The history of camera traps comes from this photographer from the 1800s from the U.S., called George Shiras and his way of capturing animals appropriated from the Ojibway tribe using fire. The history of the camera trap links to the fire at the beginning of my film and the sound of fire at the end of the film.

S&F: Have you shown the film to folks who either worked with you on it or who were in it?

JR: I want to show it to them in the cinema. We haven't shown it yet in Argentina, but Majo, the historian, saw it in Locarno, and that was really special. She knew that I was filming different places, she knew that Maca was in it, but because I had so much trouble with the Buenos Aires Aoo, there wasn't that much information given, so it was very special to see her watch it, and then to do a Q&A with her afterwards. So that was really amazing. I took pictures of the projection yesterday [at TIFF], and I sent it to Maca, and she's like, I'm so nervous, Jess, can you stop showing the film until I've seen it? I'm acting in Jem Cohen's new film, which is at New York Film Festival, so I completely understand it. It's weird that people have seen me on screen without me having seen myself. There's something a little bit uneasy about that. Other people perceiving me before I even know... She's seen clips of the film. But Maca sent me a beautiful audio message just now. She's like, I'm not prepared to be Julia Roberts, I don't know what you want from me.

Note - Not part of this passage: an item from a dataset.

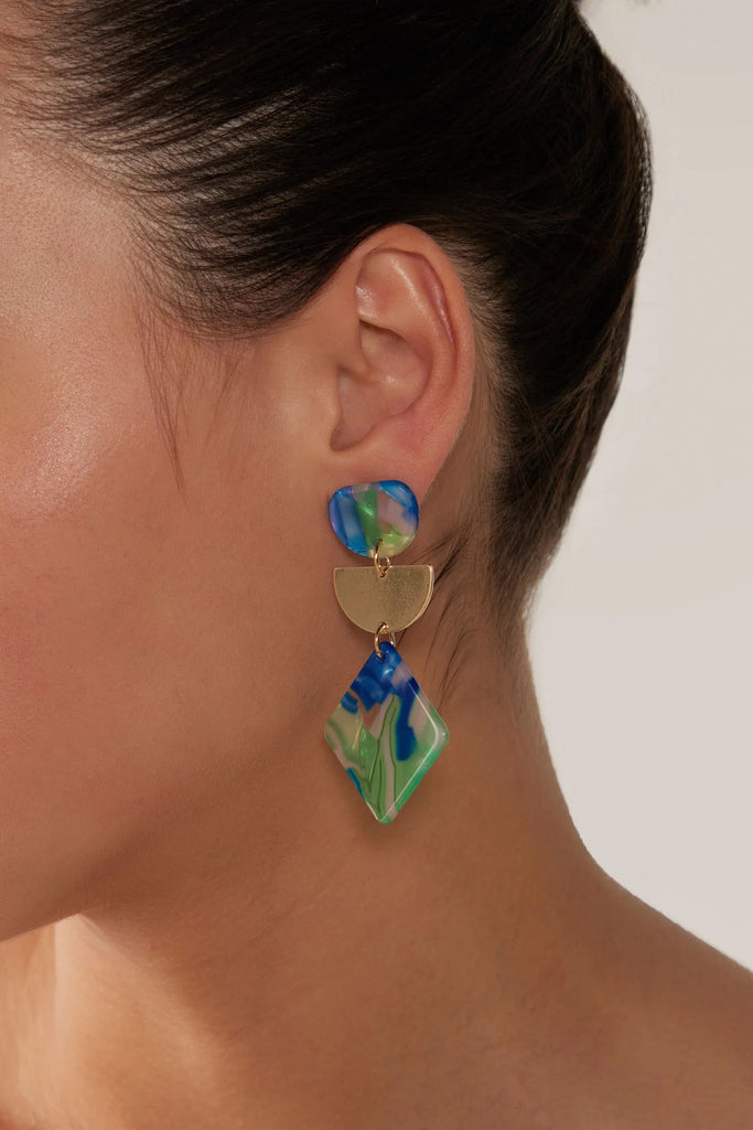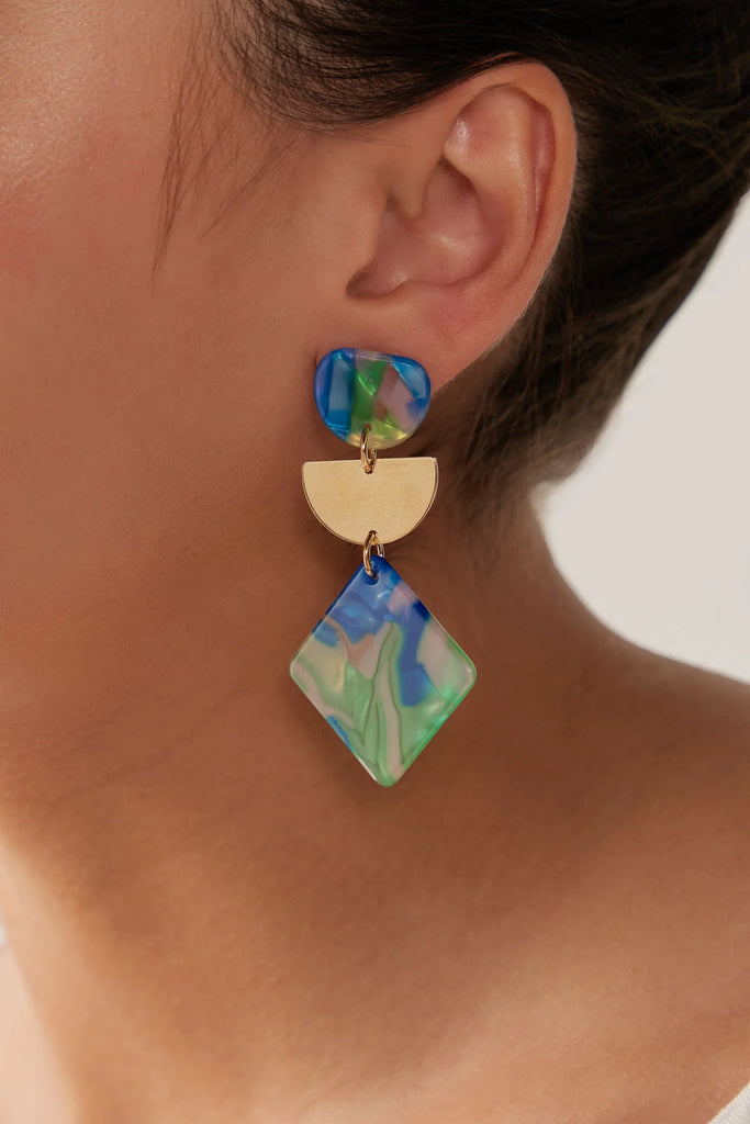 Featuring acrylic and metal forms for a unique layered look, these drop earrings add a soft colourful accent to your accessories collection.

I feel like I want to make more films with her. She's such an incredible storyteller. She can be talking to you for three hours, and you'll think it's 10 minutes, the number of stories that she has about the zoo, and that isn't really included in the film. So, I feel like I'd like to continue working with her and doing more things with her where we can explore her story. She's hilarious and incredible and so passionate about what she does. Maybe there will be a part two one day.